International Journal of Molecular Sciences ◽

10.3390/ijms22052512 ◽

2021 ◽

Vol 22 (5) ◽

pp. 2512

Author(s):

Xinwei Wang ◽

Yaqi An ◽

Ye Li ◽

Jianwei Xiao

Keyword(s):

Fluorescent Protein ◽

Chloroplast Development ◽

Nuclear Gene ◽

Pentatricopeptide Repeat ◽

Plastid Development ◽

Chloroplast Gene Expression ◽

Knock Out ◽

Rnai Line ◽

Ppr Protein ◽

P Type

Chloroplasts cannot develop normally without the coordinated action of various proteins and signaling connections between the nucleus and the chloroplast genome. Many questions regarding these processes remain unanswered. Here, we report a novel P-type pentatricopeptide repeat (PPR) factor, named Albino Cotyledon Mutant1 (ACM1), which is encoded by a nuclear gene and involved in chloroplast development.
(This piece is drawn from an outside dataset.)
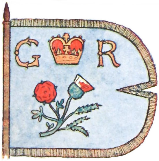 This warrant is of much interest; it tells us that the early standards were painted and not embroidered; that they were made of white or red material—white was a sign of superiority, whilst red pointed to extravagance, as it was more costly than blue, yellow, etc.; and it told us that the Guards were to display the Royal badges, which they do to this day. (All these badges are dealt with in a separate chapter.)

Knock-down of ACM1 transgenic plants displayed albino cotyledons but normal true leaves, while knock-out of the ACM1 gene in seedlings was lethal. Fluorescent protein analysis showed that ACM1 was specifically localized within chloroplasts. PEP-dependent plastid transcript levels and splicing efficiency of several group II introns were seriously affected in cotyledons in the RNAi line. Furthermore, denaturing gel electrophoresis and Western blot experiments showed that the accumulation of chloroplast ribosomes was probably damaged. Collectively, our results indicate ACM1 is indispensable in early chloroplast development in Arabidopsis cotyledons.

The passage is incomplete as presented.